:: DATASET ENTRIES ::
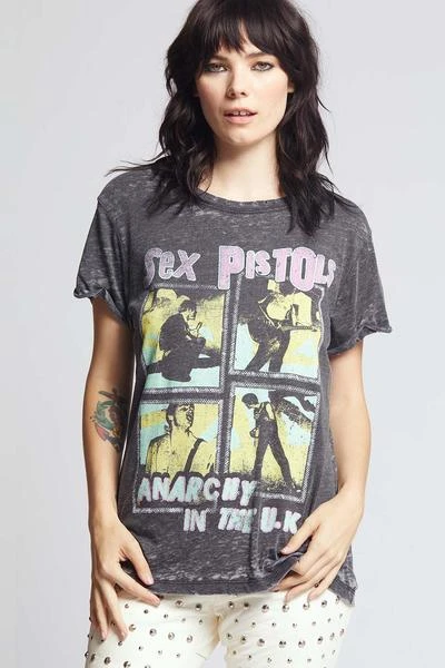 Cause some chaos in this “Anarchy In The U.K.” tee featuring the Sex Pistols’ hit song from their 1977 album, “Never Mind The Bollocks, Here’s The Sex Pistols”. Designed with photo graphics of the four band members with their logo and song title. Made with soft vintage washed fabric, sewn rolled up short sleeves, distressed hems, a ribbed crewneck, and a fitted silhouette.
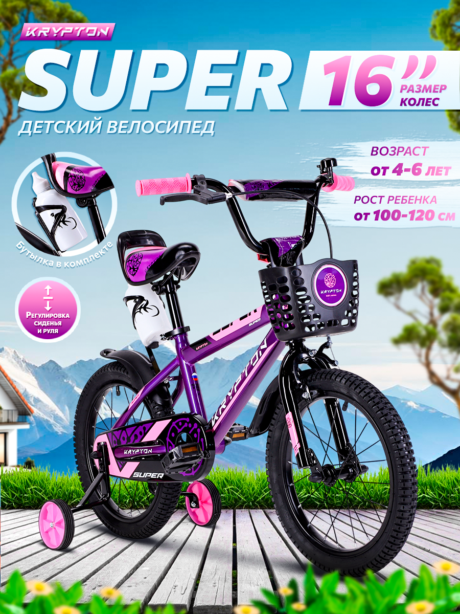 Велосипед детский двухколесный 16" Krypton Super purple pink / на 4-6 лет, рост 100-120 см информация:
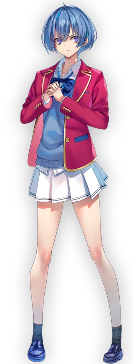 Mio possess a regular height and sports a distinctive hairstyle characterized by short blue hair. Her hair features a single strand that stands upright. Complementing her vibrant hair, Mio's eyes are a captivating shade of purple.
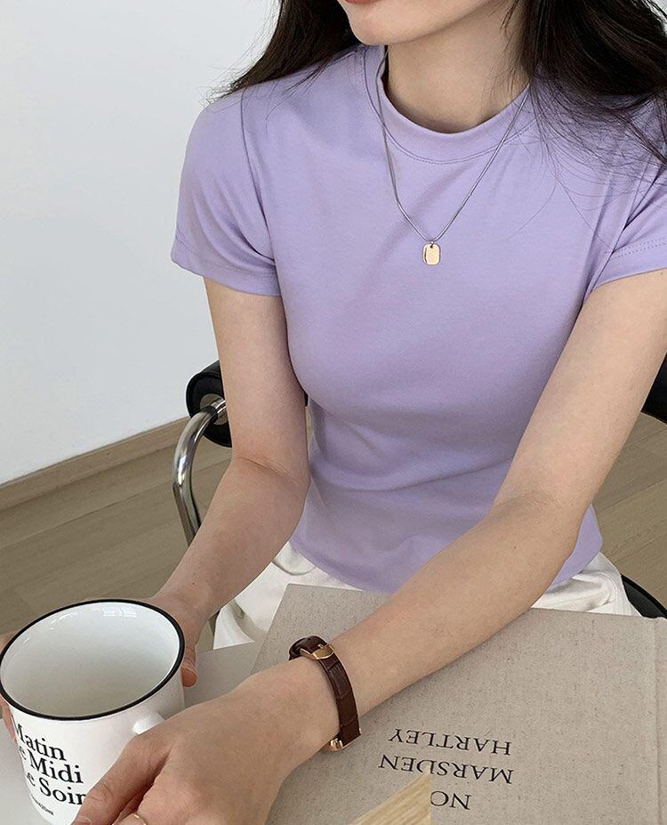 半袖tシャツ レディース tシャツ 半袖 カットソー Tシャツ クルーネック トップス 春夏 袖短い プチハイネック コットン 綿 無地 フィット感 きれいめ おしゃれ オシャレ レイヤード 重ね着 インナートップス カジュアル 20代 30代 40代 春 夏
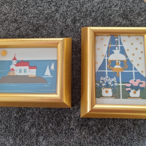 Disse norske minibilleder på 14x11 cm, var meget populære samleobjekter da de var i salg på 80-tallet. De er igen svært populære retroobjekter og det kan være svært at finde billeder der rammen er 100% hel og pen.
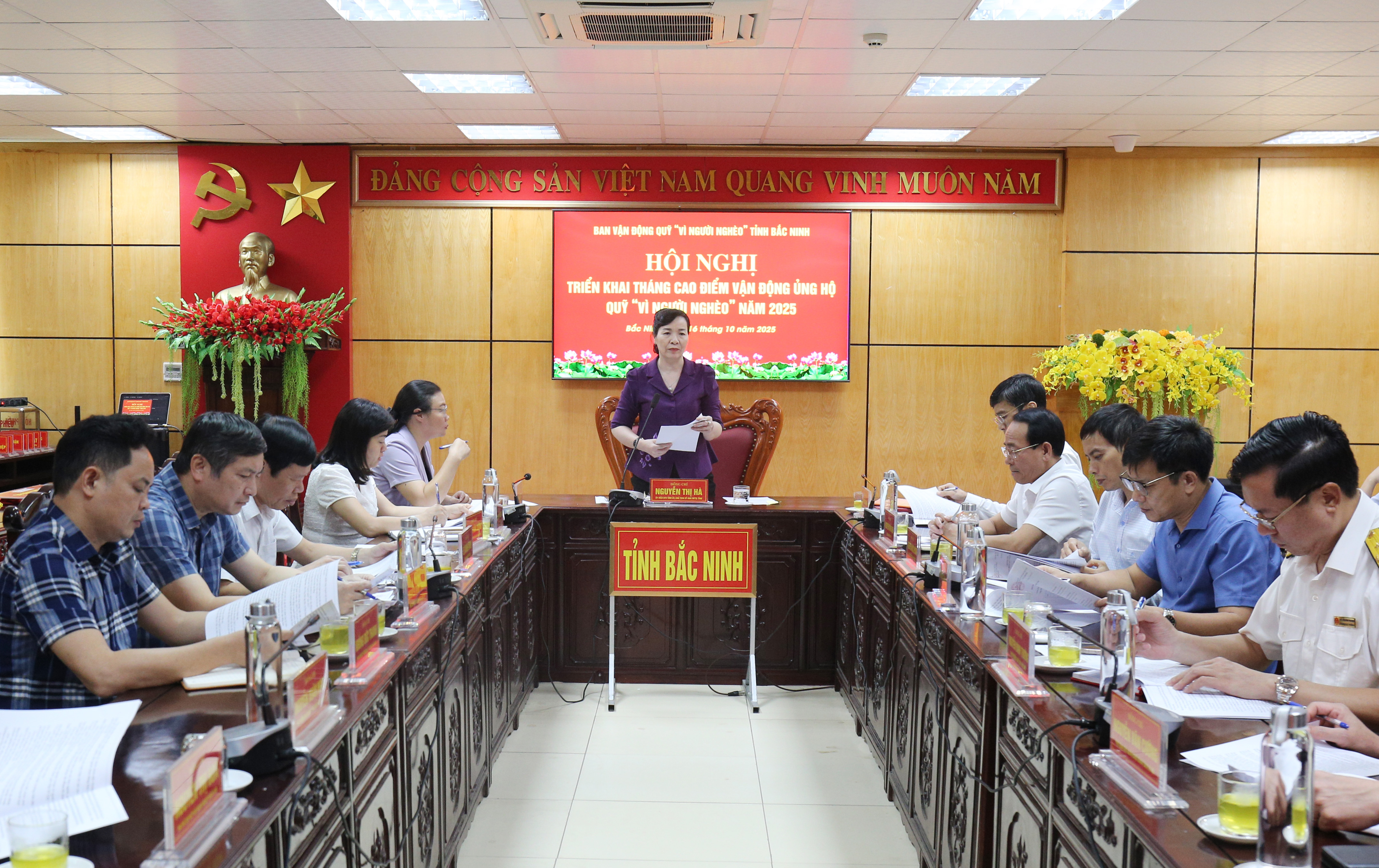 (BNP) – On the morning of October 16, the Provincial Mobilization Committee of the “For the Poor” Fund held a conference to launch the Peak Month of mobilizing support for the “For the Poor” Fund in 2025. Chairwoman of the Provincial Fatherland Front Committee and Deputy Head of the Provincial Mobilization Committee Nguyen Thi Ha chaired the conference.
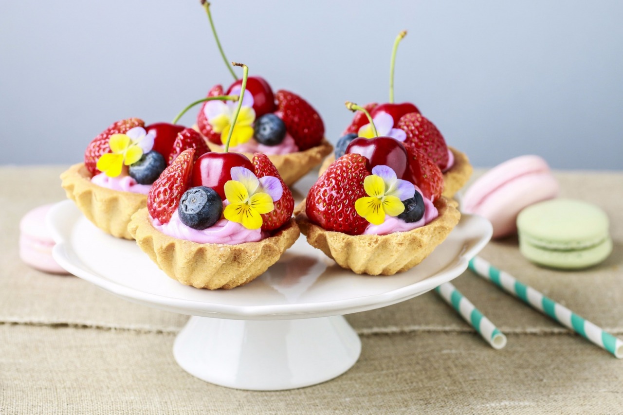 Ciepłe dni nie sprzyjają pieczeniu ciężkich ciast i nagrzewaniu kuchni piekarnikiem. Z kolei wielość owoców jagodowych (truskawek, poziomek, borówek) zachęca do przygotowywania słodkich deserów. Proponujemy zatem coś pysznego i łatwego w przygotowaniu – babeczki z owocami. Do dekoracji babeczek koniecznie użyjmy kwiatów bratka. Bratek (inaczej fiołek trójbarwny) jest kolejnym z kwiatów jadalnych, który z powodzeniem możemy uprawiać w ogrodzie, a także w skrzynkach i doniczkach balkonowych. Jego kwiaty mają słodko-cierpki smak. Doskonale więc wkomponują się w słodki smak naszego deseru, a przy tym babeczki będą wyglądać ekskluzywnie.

:: WORK TO COMPLETE ::
Every entry above is to be copied verbatim, with the pictures removed.

:: RESPONSE ::
 Cause some chaos in this “Anarchy In The U.K.” tee featuring the Sex Pistols’ hit song from their 1977 album, “Never Mind The Bollocks, Here’s The Sex Pistols”. Designed with photo graphics of the four band members with their logo and song title. Made with soft vintage washed fabric, sewn rolled up short sleeves, distressed hems, a ribbed crewneck, and a fitted silhouette.
 Велосипед детский двухколесный 16" Krypton Super purple pink / на 4-6 лет, рост 100-120 см информация:
 Mio possess a regular height and sports a distinctive hairstyle characterized by short blue hair. Her hair features a single strand that stands upright. Complementing her vibrant hair, Mio's eyes are a captivating shade of purple.
 半袖tシャツ レディース tシャツ 半袖 カットソー Tシャツ クルーネック トップス 春夏 袖短い プチハイネック コットン 綿 無地 フィット感 きれいめ おしゃれ オシャレ レイヤード 重ね着 インナートップス カジュアル 20代 30代 40代 春 夏
 Disse norske minibilleder på 14x11 cm, var meget populære samleobjekter da de var i salg på 80-tallet. De er igen svært populære retroobjekter og det kan være svært at finde billeder der rammen er 100% hel og pen.
 (BNP) – On the morning of October 16, the Provincial Mobilization Committee of the “For the Poor” Fund held a conference to launch the Peak Month of mobilizing support for the “For the Poor” Fund in 2025. Chairwoman of the Provincial Fatherland Front Committee and Deputy Head of the Provincial Mobilization Committee Nguyen Thi Ha chaired the conference.
 Ciepłe dni nie sprzyjają pieczeniu ciężkich ciast i nagrzewaniu kuchni piekarnikiem. Z kolei wielość owoców jagodowych (truskawek, poziomek, borówek) zachęca do przygotowywania słodkich deserów. Proponujemy zatem coś pysznego i łatwego w przygotowaniu – babeczki z owocami. Do dekoracji babeczek koniecznie użyjmy kwiatów bratka. Bratek (inaczej fiołek trójbarwny) jest kolejnym z kwiatów jadalnych, który z powodzeniem możemy uprawiać w ogrodzie, a także w skrzynkach i doniczkach balkonowych. Jego kwiaty mają słodko-cierpki smak. Doskonale więc wkomponują się w słodki smak naszego deseru, a przy tym babeczki będą wyglądać ekskluzywnie.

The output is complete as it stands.